■ TASK OBJECTIVE:
Output, exactly and with no pictures, the line that contains "This is a 2023" and every line that comes after it in the data below, the last one included.

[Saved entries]
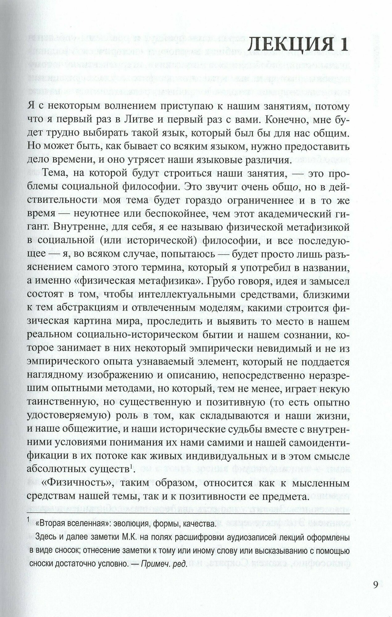 В книге представлен курс лекций по социальной философии, прочитанных Мерабом Мамардашвили в Вильнюсе в 1981 году. Философ излагает свое понимание социальности, прослеживает сложные взаимосвязи между устройством общества, его функционированием и мышлением. Ни в одном другом своем тексте автор не утверждает столь прямо и последовательно зависимость мышления от включенности в отношения с другими людьми, от того, что он называет "сообщностью" и "событием". Речь идет не столько о самом социальном порядке, сколько о том, что является вытесняемым, невидимым условием этого порядка: об общности, которая, по сути, этот порядок разрывает, о силах совместного существования людей, силах жизни. Книга предлагает заново обдумать проблемы свободы, ответственности, этического и политического действия.
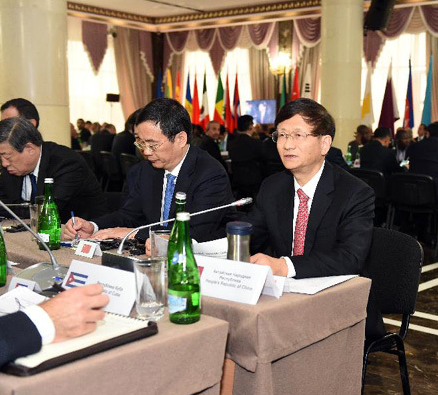 5月24日,在俄羅斯車臣共和國首府格羅茲尼,中共中央政治局委員、中央政法委書記孟建柱(前右一)在第七屆安全事務高級代表國際會議上發言。中共中央政治局委員、中央政法委書記孟建柱24日在俄羅斯車臣出席第七屆安全事務高級代表國際會議。來自70余個國家和國際組織的代表就深化國際安全合作、有效應對恐怖主義等問題進行探討。
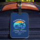 Familjeåterförening Sommarboden Handflatan Träd Sol Retro Stil Blue Luggage Tag. Underbar för familjeåterföreningssemester från camping på stranden till en båtkryssning. Anpassa med din familj namn, plats, år eller datum och mycket annat.
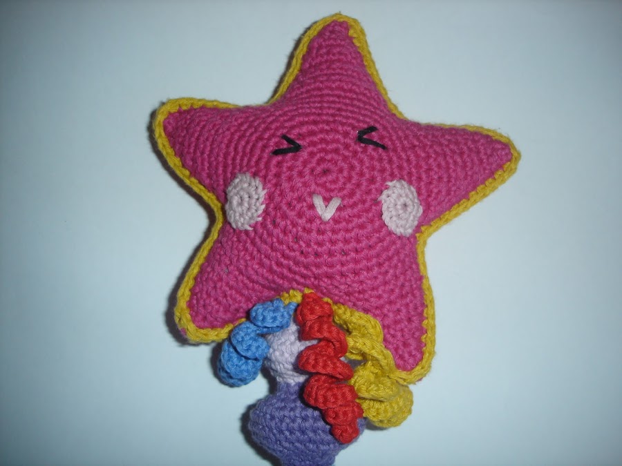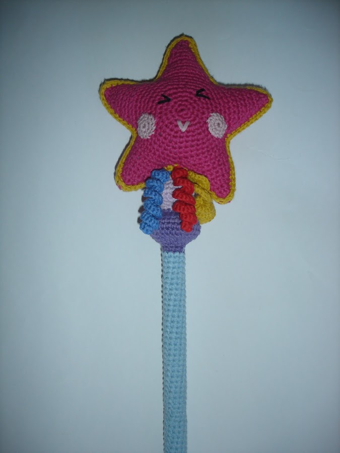 Hola de nuevo!!!!!!!!! Entre cosilla y cosilla de Navidad os traigo un proyecto que os encantará y a las niñas de la casa más aún: una varita mágica; y además el patrón es gratuito de Monkey Craft; lo encontré de casualidad mirando en Pinterest y lo guardé para cuando tuviera ocasión y como a mi hija le encanta Ben y Holly, pues que mejor excusa. Es muy fácil y de lo más resultona; yo de palo usé también uno de las jaulas de los pájaros, que es muy barato y funciona genial, eso sí, introducirlo lo más posible para que la estrella no baile, que ya sabéis como son los niños. Bueno, pues como siempre os dejo el enlace al blog donde podréis encontrar el patrón y espero que hagáis muchas varitas y me podéis enviar fotos, como no. http://monkeycraftspain.blogspot.com.es/2015/04/kit-princesa-amigurumi-la-varita-magica.html?spref=pi
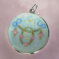 美しいギョシェ彫りに淡いブルーが美しいロケット。ブルーの地に描かれたゴールドのドットとバラのガーランドが上品な雰囲気です。
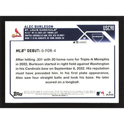 This is a 2023 Topps Chrome Update Alec Burleson Rookie Debut baseball card. The card is #USC90 and pictures show condition. Team(s): St. Louis Cardinals Rookie Card (RC)
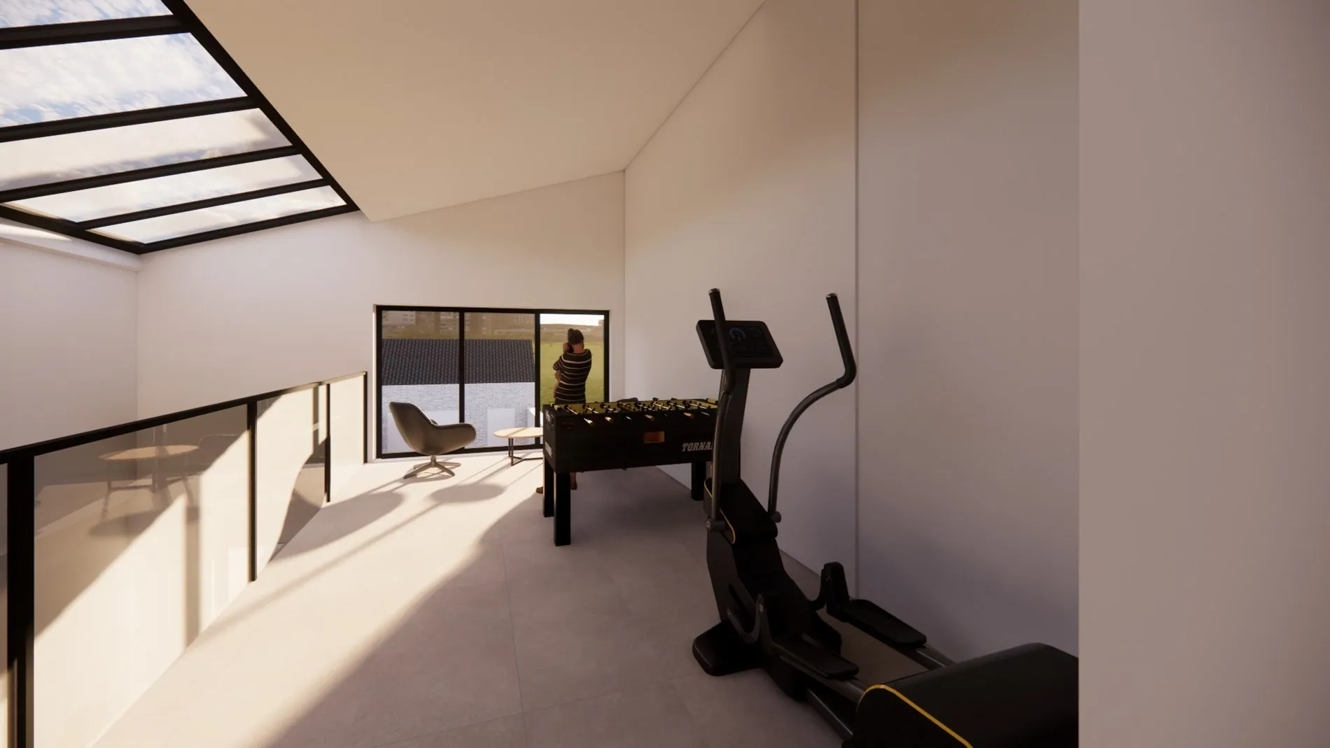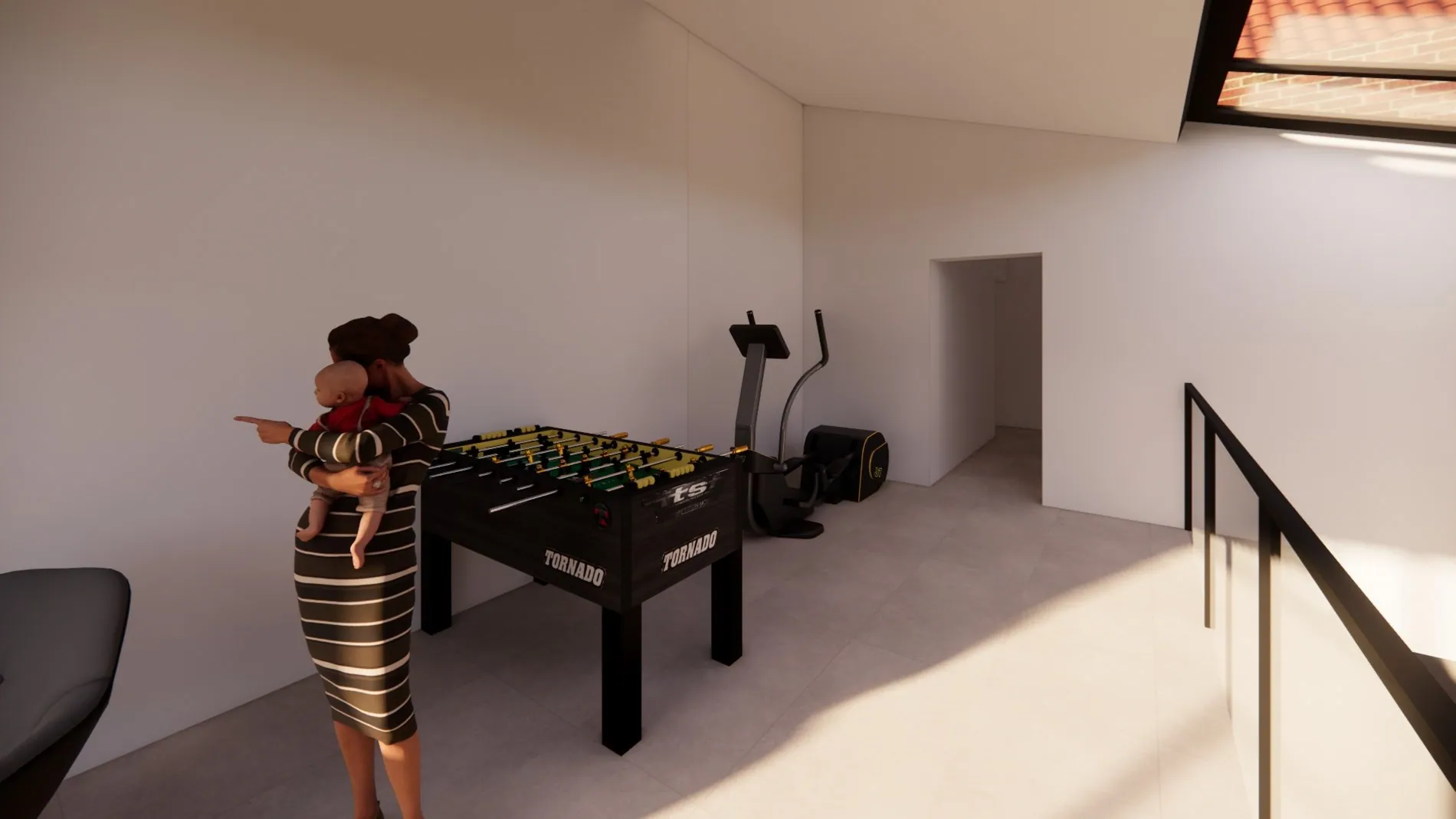 Verdieping: nachthal - badkamer - hobbyruimte - ruime slaapkamer

■ ANSWER TO THIS PROBLEM:
 This is a 2023 Topps Chrome Update Alec Burleson Rookie Debut baseball card. The card is #USC90 and pictures show condition. Team(s): St. Louis Cardinals Rookie Card (RC)
 Verdieping: nachthal - badkamer - hobbyruimte - ruime slaapkamer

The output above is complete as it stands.